Christian Bale as Bruce Wayne / Batman in Batman Begins, The Dark Knight
Why he’s Bat-tastic: In order to properly reboot this franchise, they needed an American Psycho to fill the Caped Crusader’s boots (even if he was born in the UK). Enter Christian Bale: a chiseled machine with Bat-sexy looks who took the scarecrow by his feathers and shook away memories of past Batman flicks.
Kevin Conroy as the voice of Bruce Wayne/Batman in Batman: Mask of the Phantasm (1993)
Why he’s Bat-tastic: Conroy never starred as the Caped Crusader in a live-action film, but he’s provided the voice of Bruce Wayne/Batman in Batman: The Animated Series, as well as its TV spin-offs and feature films (Mask of Phantasm was the only one to actually hit theaters). And if Batman as a badass-to-the-bone cartoon doesn’t tempt you, Phantasm also features Mark Hamill (aka Luke Skywalker) as the voice of The Joker … and Abe Vigoda as a powerful crime boss!
Coolest Gadget: His voice – Conroy will always be known as the true voice of Batman. His delivery was subtle and graceful, expertly capturing all of Bruce Wayne/Batman’s personality (hero, partner, friend, tortured soul) without the benefit of playing the character in the flesh.

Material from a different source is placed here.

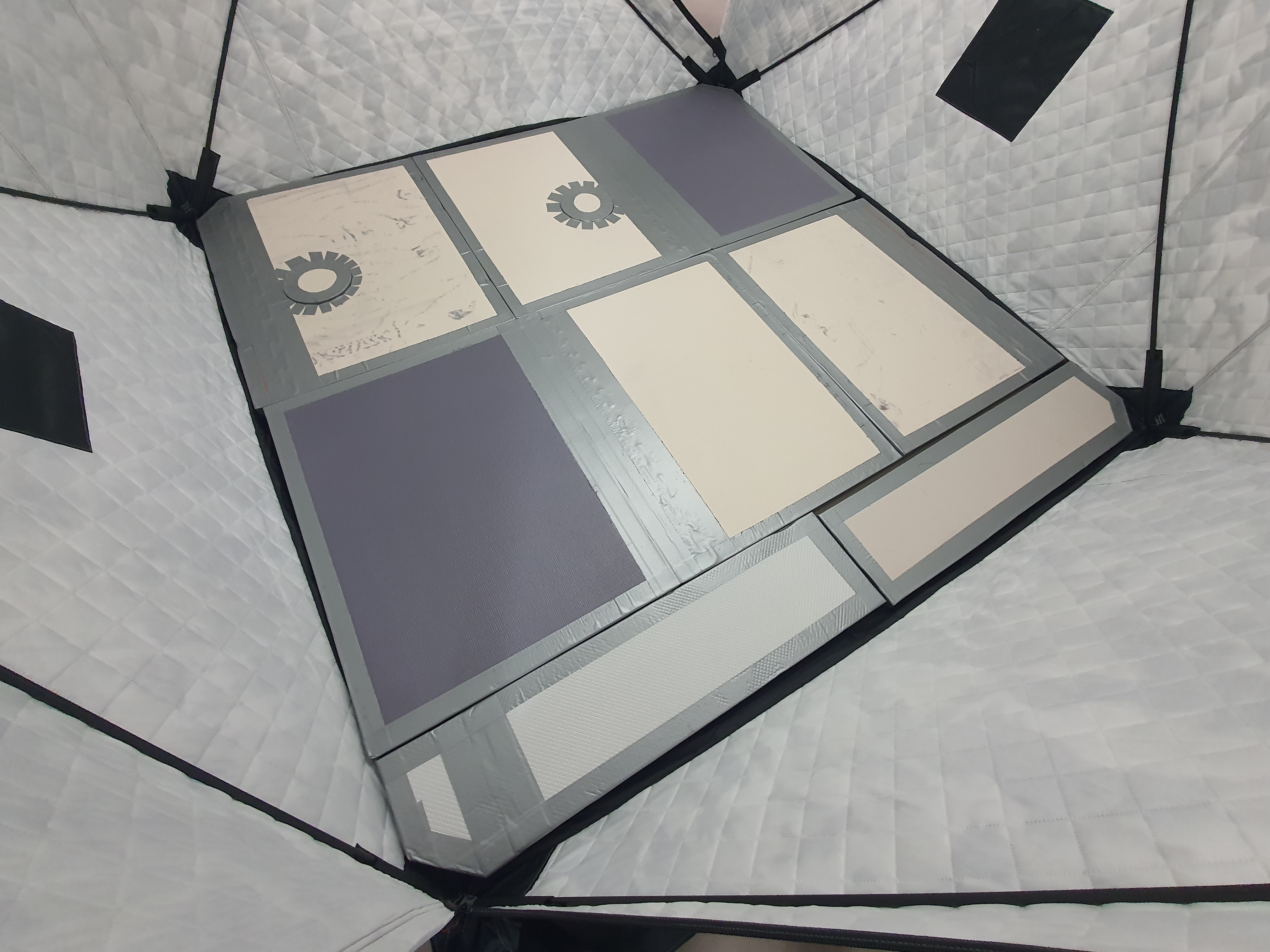 지난 시즌에 사용하던 큐브텐트에는 내부스커트가 없어 차가운 기운이 바닥안쪽으로 들어오는데, 누빔텐트는 난방에 좀 더 효율적이지 않을까 예상합니다.

Best Quote: “This madness ends NOW!”
Holy Final Score, Batman (8): Since this isn’t American Idol: Batman Edition, we just can’t give Conroy the gold medal based on voice alone. But we definitely suggest you check out Phantasm (and its direct-to-DVD sequels) for a different taste of the hero in animated form. (Extra tidbit: Conroy also provides the voice of Wayne/Batman in the direct-to-DVD animated anthology Batman: Gotham Knight, which serves as a bridge between Batman Begins and The Dark Knight.
In a perfect world, we’d take Conroy’s perfect voice, Bale’s perfect looks and Keaton’s perfect demeanor; combine them in a Bat-blender and produce, well, the perfect Batman. Without such a device, we’ll settle for the man who successfully brought an international superstar back to the big screen and helped usher in a new, darker dawn for the Caped Crusader. How many more Batman films will we see? Who knows, but with The Dark Knight being arguably the most talked-about film of the year, something tells us this bat ain’t going anywhere for the time being.